Diğer önleyici tedbirler yüksek seslere maruz kalmanın neden olduğu işitme kaybı riskini azaltır ve yaşa bağlı işitme kaybını kötüleştirmekten kaçınır.

Akustik şok nedeniyle zarar görme riski, gürültüye maruz kalma yoğunluğuna ve süresine bağlıdır. Bu riski en aza indirmek için bazı ipuçları görelim:

  • Kulaklarınızı işyerinde koruyun . Gürültülü bir ortamda, örneğin bir pub, disko veya inşaat alanında çalışıyorsanız, kulaklık veya kulaklık gibi işitme koruma cihazlarının kullanılması önerilir. Özel olarak tasarlanan kulaklıklar, kulakları koruyabilir, en yüksek sesleri tolere etmenize ve bunları kabul edilebilir bir seviyede algılamanıza olanak tanır. 85dB veya üzerindeki gürültüye sürekli maruz kalmak, zamanla işitme kaybına neden olabilir.
  • Rekreasyon faaliyetleri ile ilgili risklerden kaçının . Kar kayağı, avlanma ve yüksek seste ve uzun süre müzik dinlemek gibi bazı eğlence etkinlikleri işitme duyunuza zarar verebilir. İşitme koruyucuları kullanmak veya yüksek seslerden kırılmak kulaklarınızı koruyabilir.

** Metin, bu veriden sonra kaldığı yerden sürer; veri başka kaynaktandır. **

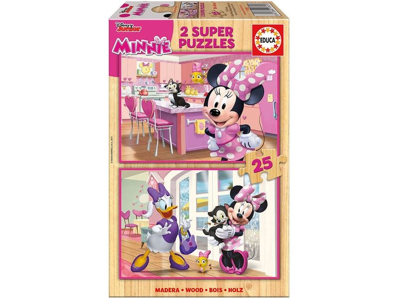 Puzzle EDUCA 2x Super Puzzle 25 Madeira Minnie Happy Helpers (Idade Mínima: 3 Anos - 50 Peças)
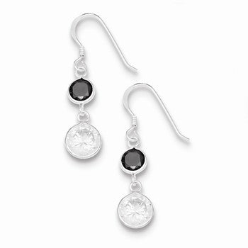 Sterling Silver Black Clear CZ Dangle Earrings
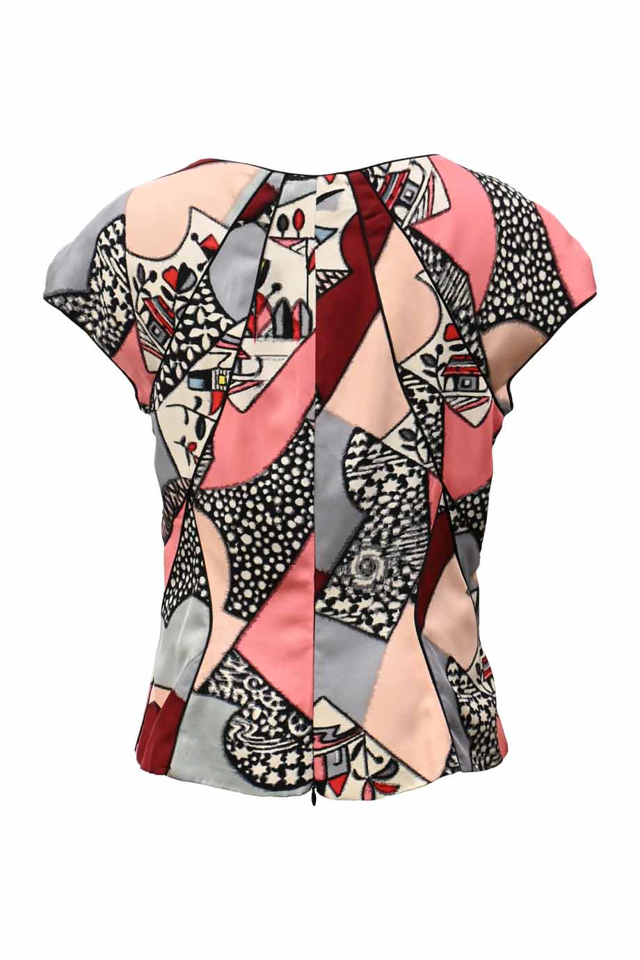 Fuchsia panelled silk satin round neck blouse
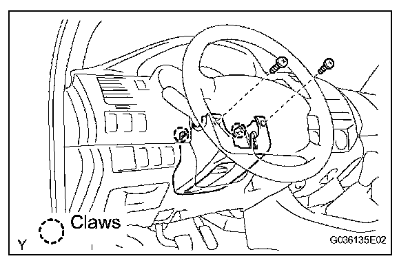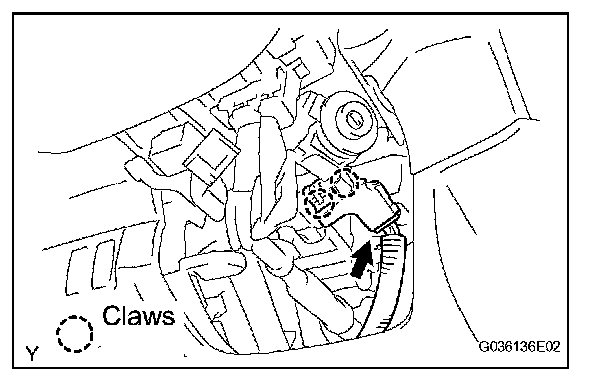 b. Disengage the 2 claws and remove the steering column cover LWR.
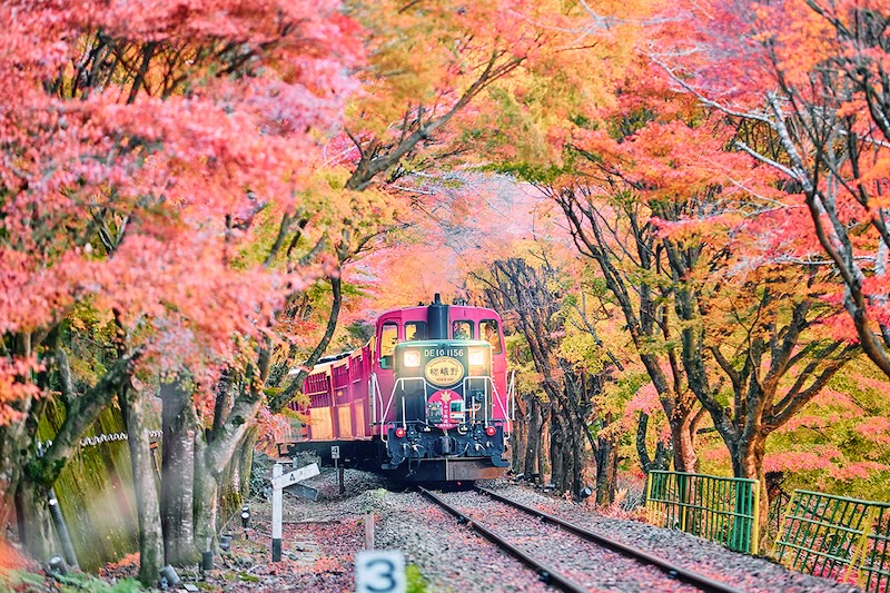 嵯峨野トロッコ列車では、保津川渓谷を走る列車から紅葉の渓谷美を堪能できます。木製の座席や裸電球がともるレトロ感漂う車両でゆったりと進み、車窓からは赤や黄に染まる山々が広がり、秋の風景をじっくり楽しめます。夜には沿線がライトアップされる「光の幻想列車」が運行され、昼間とは異なるロマンティックな景色が見られます。
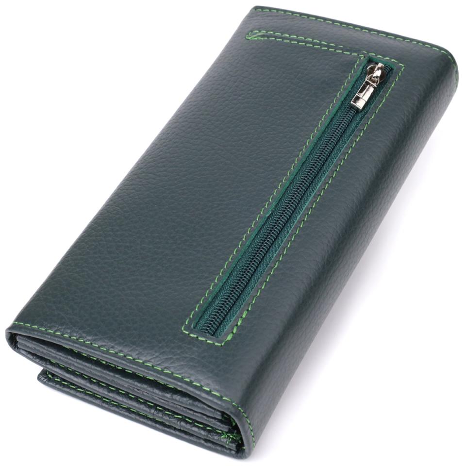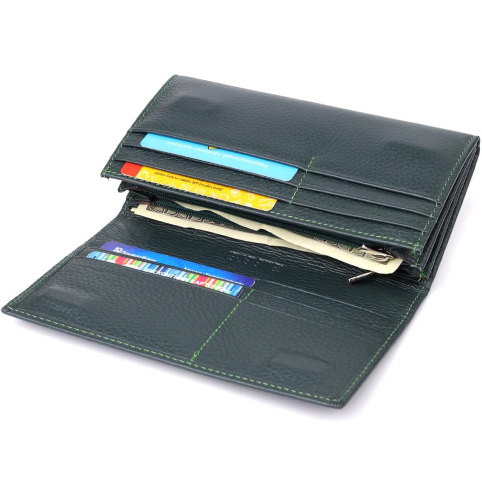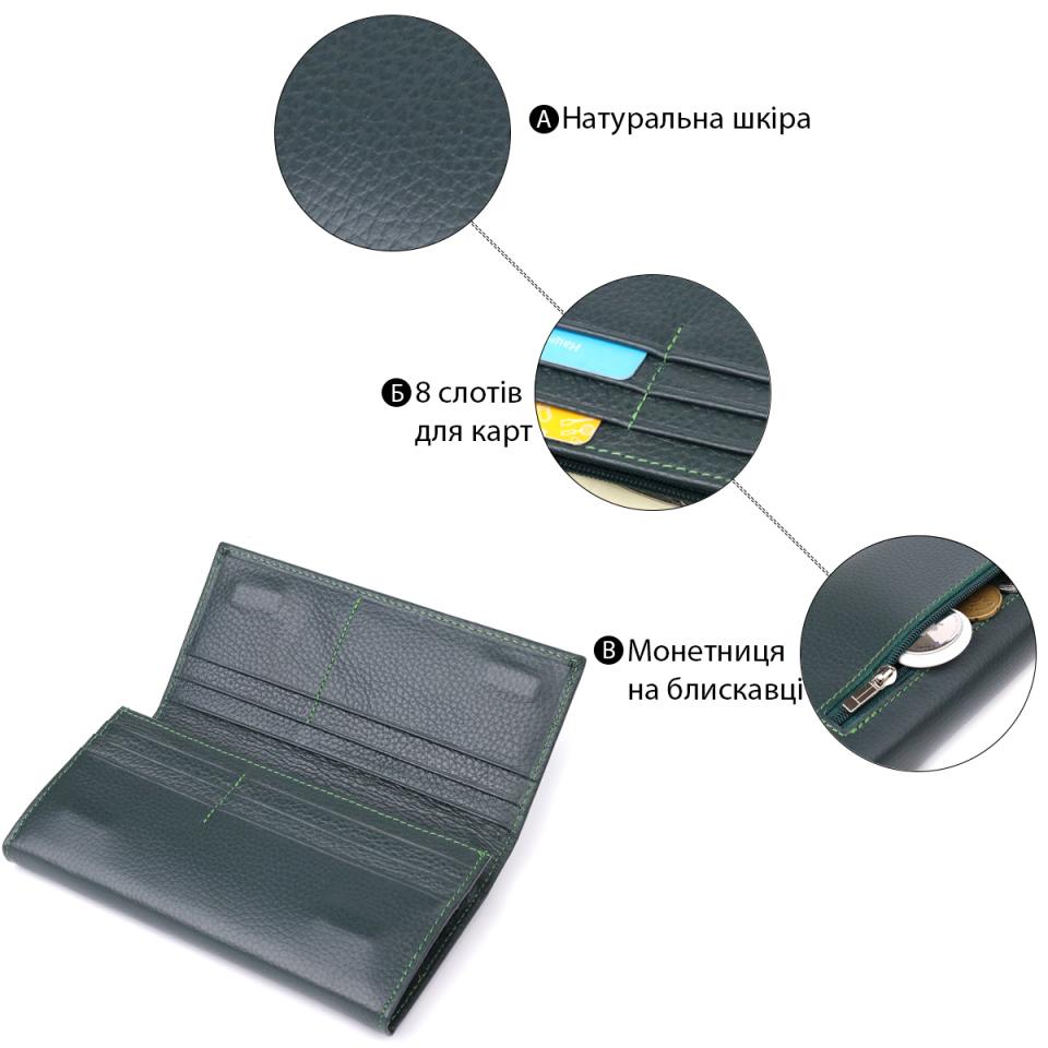 Характеристики: Удобный вертикальный кошелек из натуральной кожи ST Leather 23086 Зеленый
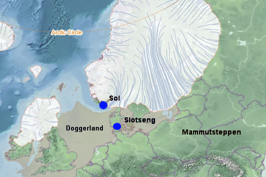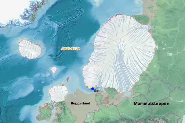 Innlandsisens utbredelse for 15 000 år siden (ved avslutningen av eldste dryas). England, Doggerland, Nord-Tyskland, Danmark og det sørligste Sverige (til nord for Vänern og Vättern) er fortsatt fri for is, og bare i Storbritannia og Irland har de isfrie områdene blitt merkbart større. Stedet der Sol [geo365.no: Prolog: Et eldgammelt skjelett] ble funnet nærmere 6 000 år senere er markert. Illustrasjon: Icemap-no – Icemap
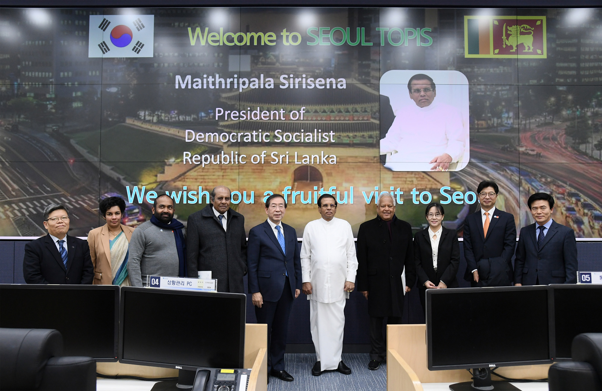 박원순 서울시장이 30일 오전 서울시청 영상회의실에서 국빈 방문 중인 마이트리팔라 시리세나(Maithripala Sirisena) 스리랑카 대통령에게 서울특별시 명예시민증을 수여하고 있다. 서울시 제공
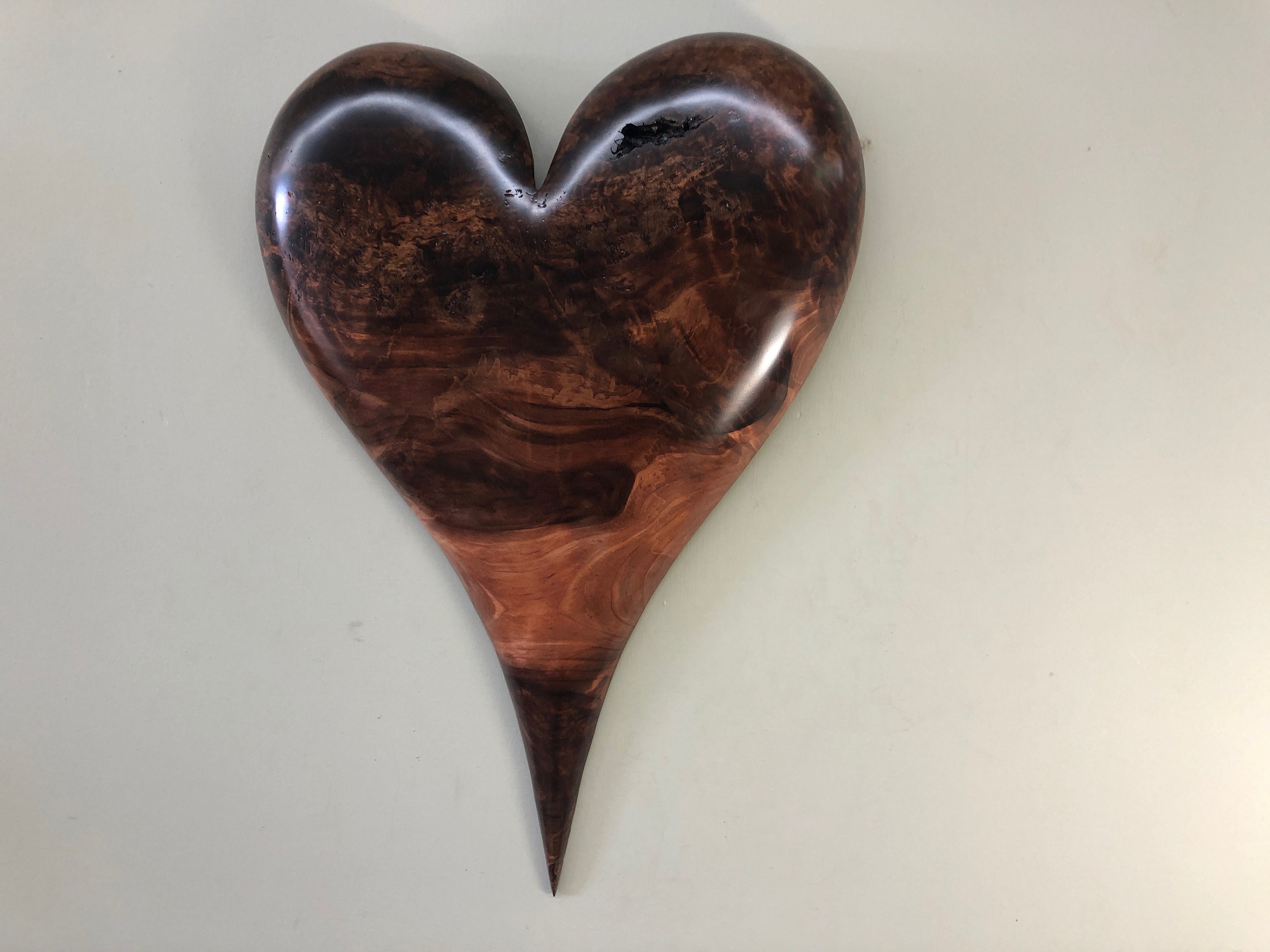 This is a best of etsy wonderful 5th wood Wedding Anniversary gift present wall heart art wood carving. It would be a perfect romantic any occasion gift present!! I am Gary Burns the treewiz and I carve everything in my shop. I can inscribe something personal on the back with no extra charge if it is something simple like a short sentence and date. I do this by hand with a Dremel. This piece comes ready to hang on the wall. It measures 20 1/2" tall x 14 1/4" wide x 1 5/8" thick. It's carved out of a piece of Old Growth Redwood, one of the most amazing trees in the world! This is a really sweet piece of Redwood!
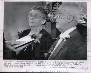 1956 Press Photo Bertha Feller and Gustav Klumb married by the Rev. Daniel
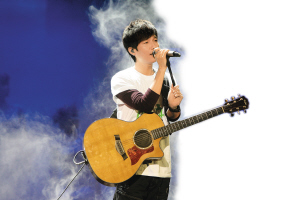 | ↑10月12日晚,陈楚生在海南“风雨同舟”大型赈灾义演晚会上深情演唱。

    Müzik dinlerken sesi kısmak işitme kaybını önlemenize yardımcı olabilir. Bu, özellikle evde küçük çocuklar varsa önemlidir, çünkü kulakları daha hassastır. İki metre uzaklıktaki biriyle rahat bir görüşme yapamıyorsanız, ses seviyesini azaltmayı deneyin. Son olarak, müziği dinledikten sonra boğuk sesler duymamalı veya kulaklarınızdaki vızıltıları duymamalısınız.